A. How about replacing it with a scientific, or observational theory. *

* I hope those who believe PTT is a scientific theory will indulge me in my elaboration, below.

The story so far

No modern science begins with the assumption, explicitly or implicitly, of the reality of Plato's World of Ideal Forms. The one exception is testing and measurement in the social sciences, particularly psychological or mental testing. What is not appreciated by many, if not most, social scientists is that PTT assumptions like True Score, or Latent Trait, are not like literary dramatic license that gives weight and impact to the narrative. From the point of view of the philosophy of science, they are indistinguishable from Plato's Ideal Forms, and have no place in modern science. Mathematical argument

Mathematical argument is found in all modern science. The social sciences are no exception. Scientists use mathematical argument in three ways:

  1. It is used as a way to analyze, understand, and communicate data from observation;
  2. Mathematical argument helps one hypothesize about data not yet observed; and
  3. In the service of supplementing 1 and 2, properties of mathematical inventions and constructions are used as convenient substitutes for the undetermined properties of observed or hypothesized data.

PTT, however, tends to use mathematical inventions and constructions, not as a supplement to mathematical argument based on observation, but as a near total substitute for it. This is the tradition handed down to Western civilization from Pythagoras, that is both praised and lamented by Carl Sagan in his book and Public Broadcasting Service (PBS) video series, “Cosmos”.

“Pythagoras…developed a method of mathematical deduction…. The modern tradition of mathematical argument, essential to all of science, owes much to Pythagoras.” Pp. 149-150.

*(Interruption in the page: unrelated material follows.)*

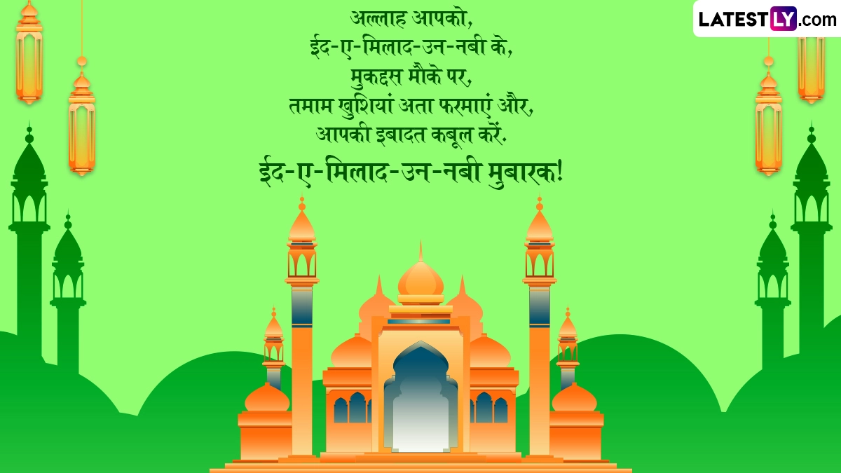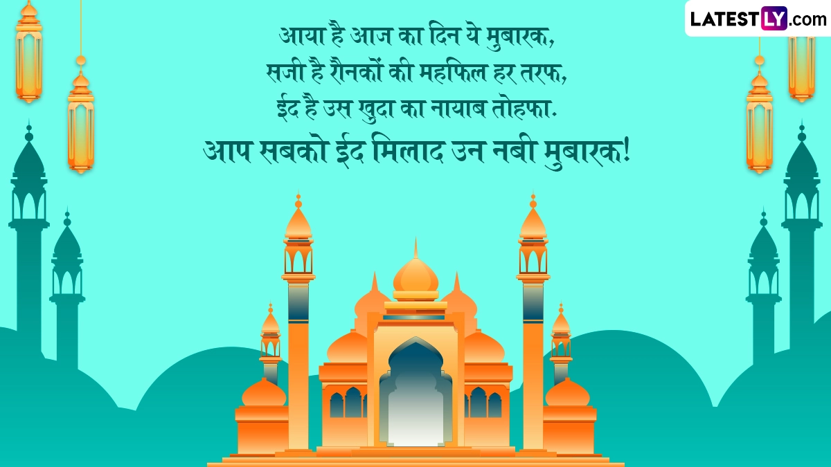 जश्न-ए-ईद-मिलाद-उन-नबी के दिन लोग ज्यादा से ज्यादा समय अल्लाह की इबादत में बिताते हैं, मस्जिदों को सजाया जाता है और लोग कुरआन की तिलावत करते हैं, साथ ही पैगंबर मोहम्मद की दया, करुणा और शिक्षाओं को याद किया जाता है. इस अवसर पर आप इन हिंदी शायरी, वॉट्सऐप मैसेजेस, जीआईएफ ग्रीटिंग्स, कोट्स को भेजकर जश्न-ए-ईद-मिलाद-उन-नबी की मुबारकबाद दे सकते हैं. यह भी पढ़े: Nabidinam पर अपनो को भेजें ये शानदार WhatsApp Stickers, GIF Greetings, Photo Wishes और Facebook Messages

“In the recognition by Pythagoras and Plato that the Cosmos is knowable, that there is a mathematical underpinning to nature, they greatly advanced the cause of science. But in the suppression of disquieting facts, the sense that science should be kept for a small elite, the distaste for experiment [emphasis mine], the embrace of mysticism…, they set back the human enterprise.” P. 155.

The great contributions of Peter Abelard (1079 CE – 1142 CE) to philosophy, and Galileo Galilei (1564 CE – 1642 CE) to science and the process of science, freed Western man from the Plato-bound Scholastics of the Church who believed in the reality of Ideal Forms, and that knowledge was yours just for the thinking without the need to observe. Ideas had no separate existence from man's ability to create them, conceptualize them, and communicate them to others. The arbiter of all truth about nature – the world we experience – would be science.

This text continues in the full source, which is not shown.